- What to work on:
Would you transcribe the listing exactly as it stands, minus any images?

- Given records:
++++++

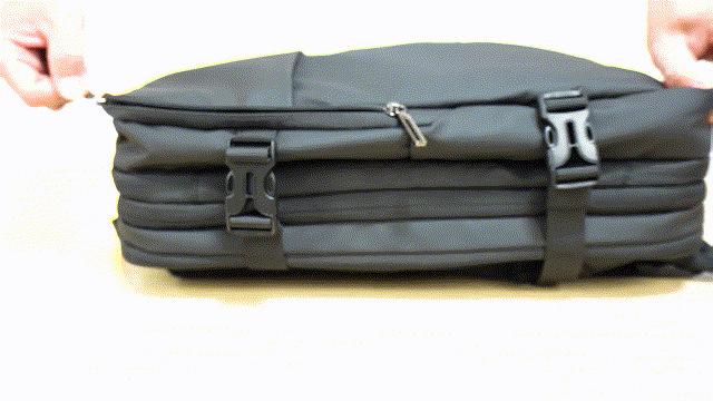 荷物の量に合わせて容量を調節できます。普段も23Lと大容量ですが、ファスナーを開くことで39Lまで容量をアップできます。
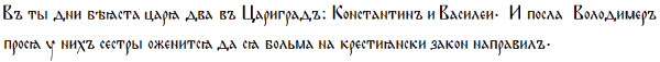 «Въ ты дни беяста царя два въ Цариградъ: Константин и Василей. И посла Володимеръ прося у них сестры оженится да ся больма на крестиянски закон направилъ.» (СРЕ; цит. по ЧИЛ1 с. 15)
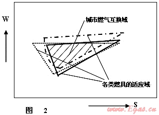 2. 城市燃?xì)饣Q域:一個城市有多種不同用途的燃具。每種燃具都有自己的燃具適應(yīng)域。將這些適應(yīng)域,集中在一個坐標(biāo)圖上(見圖2),就可以得到中間斜線的燃?xì)饣Q域。城市供應(yīng)的燃?xì)獗仨氃谶@些燃具的適應(yīng)域的范圍內(nèi)??梢娙?xì)饣Q域是受燃具適應(yīng)域制約的。其實互換性和適應(yīng)性的目的都是保證燃具正常工作,是一個事物的兩個方面?;Q性是對城市燃?xì)庹f的;適應(yīng)性是對燃具說的。在討論時不要混淆。
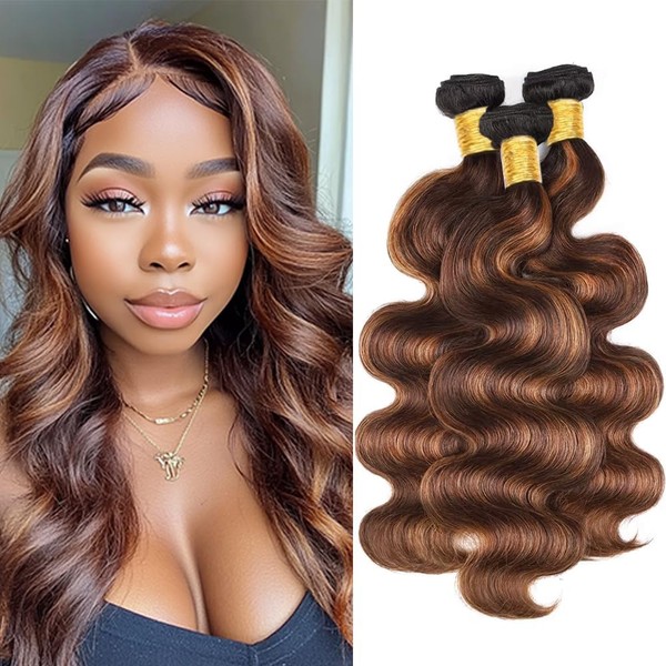 BilltiiWW Ombre Body Wave Bundles Human Hair P430 Body Wave Bundles Brown and Light Brown two tone Brazilian Human Hair Soft and Silky for Black Women 10 12 14 Inch
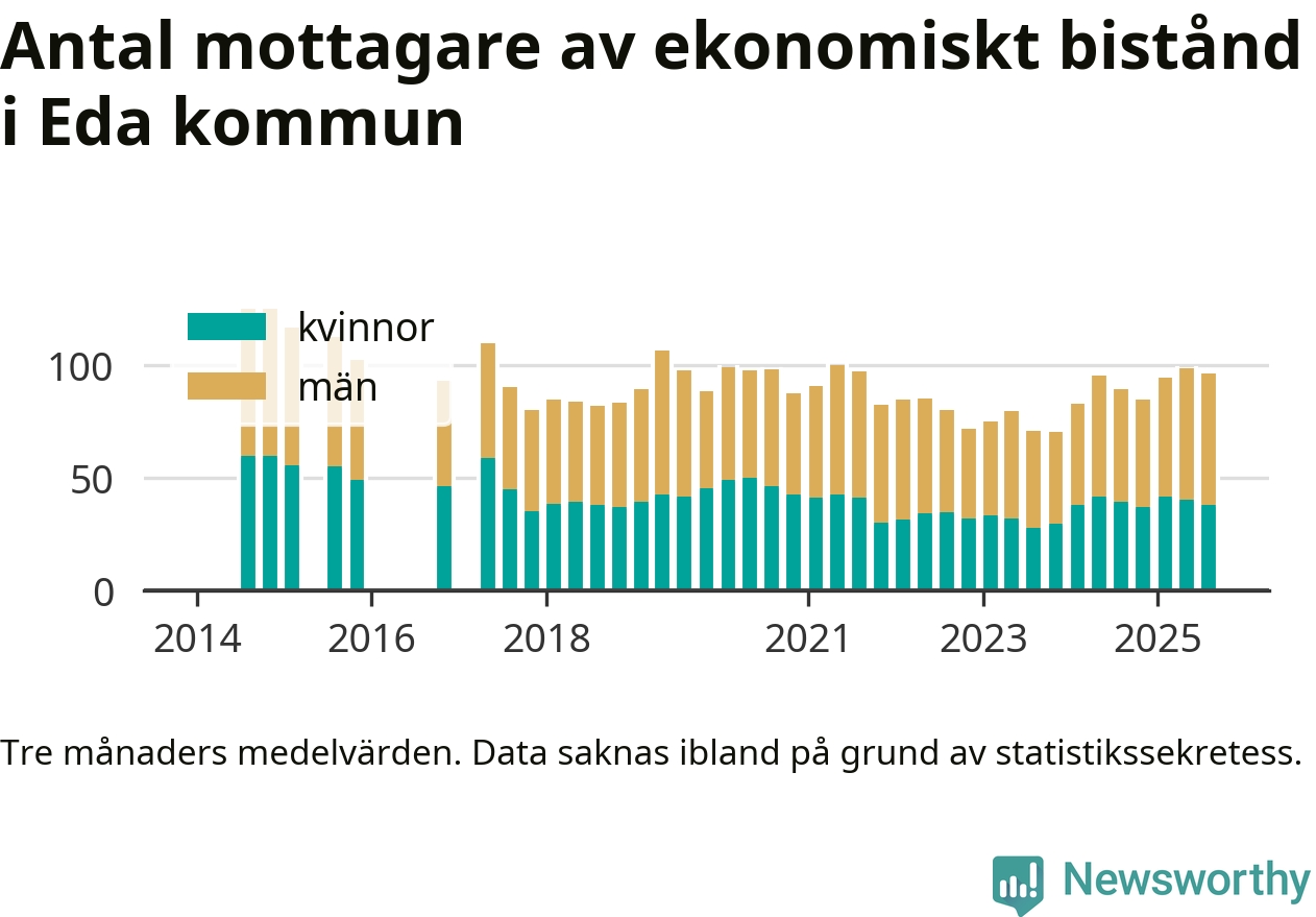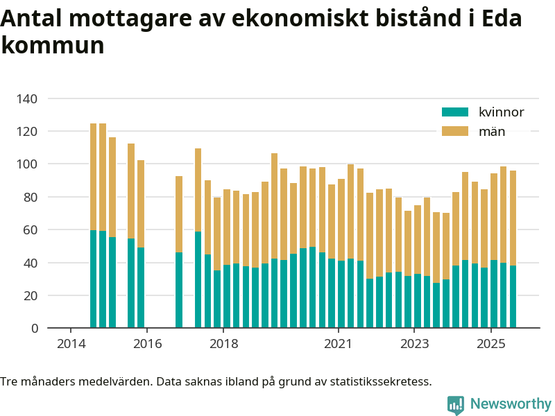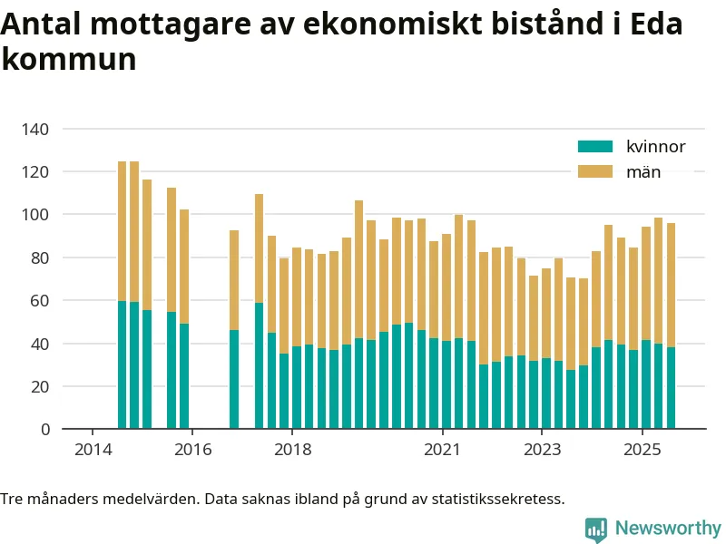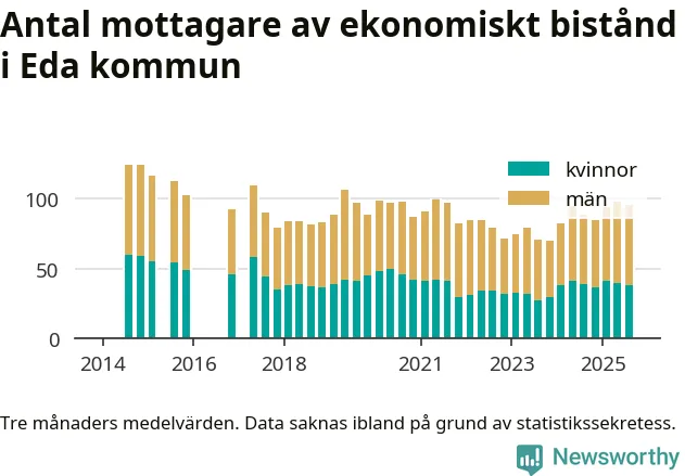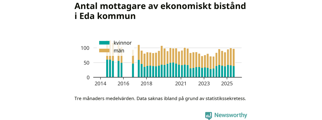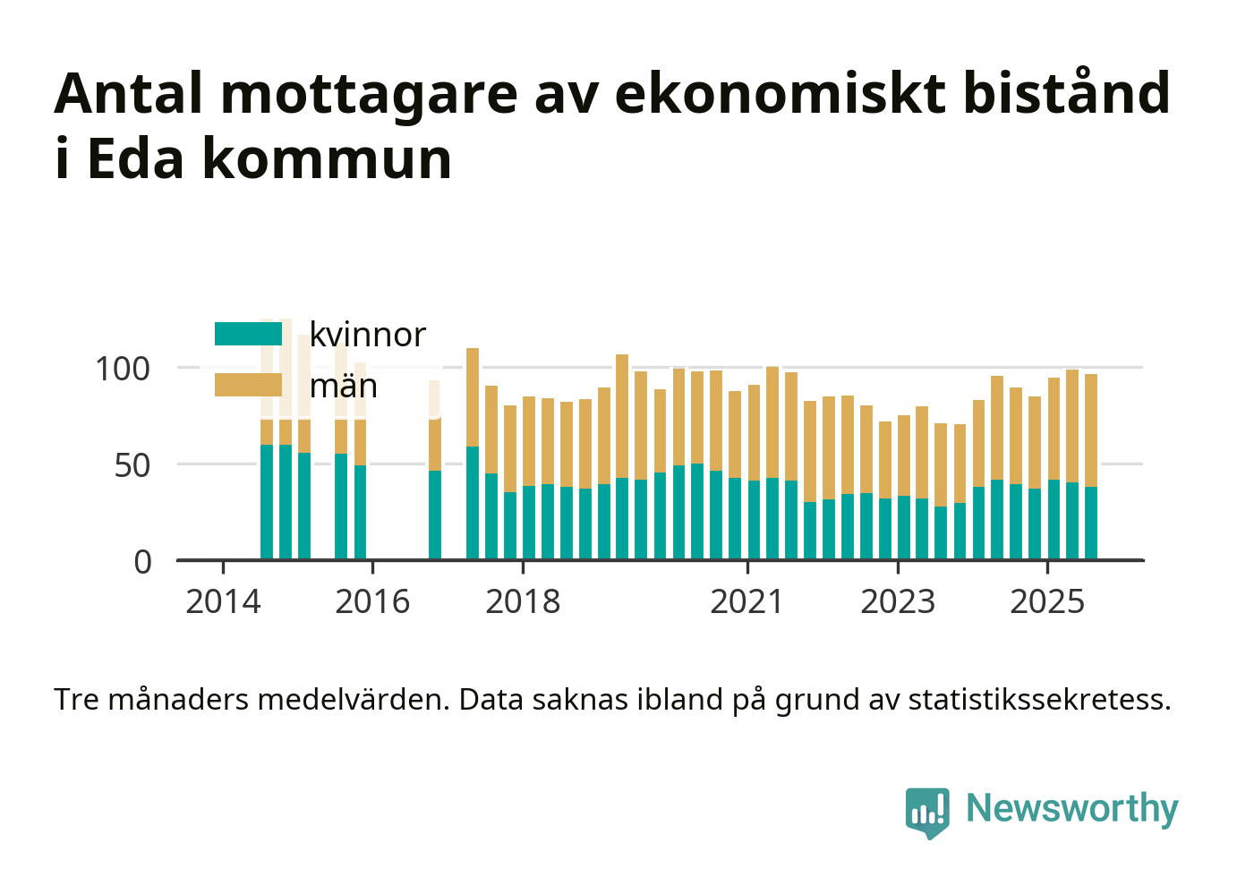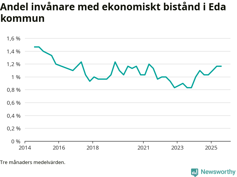 I genomsnitt 96 personer per månad fick ekonomiskt bistånd i Eda kommun under sommarmånaderna (juni till augusti), vilket motsvarar 1,2 procent av den vuxna befolkningen. Det är lika stor andel som i våras, och något större andel än under sommaren för ett år sedan.

++++++

- Solution to this task:
 荷物の量に合わせて容量を調節できます。普段も23Lと大容量ですが、ファスナーを開くことで39Lまで容量をアップできます。
 «Въ ты дни беяста царя два въ Цариградъ: Константин и Василей. И посла Володимеръ прося у них сестры оженится да ся больма на крестиянски закон направилъ.» (СРЕ; цит. по ЧИЛ1 с. 15)
 2. 城市燃?xì)饣Q域:一個城市有多種不同用途的燃具。每種燃具都有自己的燃具適應(yīng)域。將這些適應(yīng)域,集中在一個坐標(biāo)圖上(見圖2),就可以得到中間斜線的燃?xì)饣Q域。城市供應(yīng)的燃?xì)獗仨氃谶@些燃具的適應(yīng)域的范圍內(nèi)??梢娙?xì)饣Q域是受燃具適應(yīng)域制約的。其實互換性和適應(yīng)性的目的都是保證燃具正常工作,是一個事物的兩個方面?;Q性是對城市燃?xì)庹f的;適應(yīng)性是對燃具說的。在討論時不要混淆。
 BilltiiWW Ombre Body Wave Bundles Human Hair P430 Body Wave Bundles Brown and Light Brown two tone Brazilian Human Hair Soft and Silky for Black Women 10 12 14 Inch
 I genomsnitt 96 personer per månad fick ekonomiskt bistånd i Eda kommun under sommarmånaderna (juni till augusti), vilket motsvarar 1,2 procent av den vuxna befolkningen. Det är lika stor andel som i våras, och något större andel än under sommaren för ett år sedan.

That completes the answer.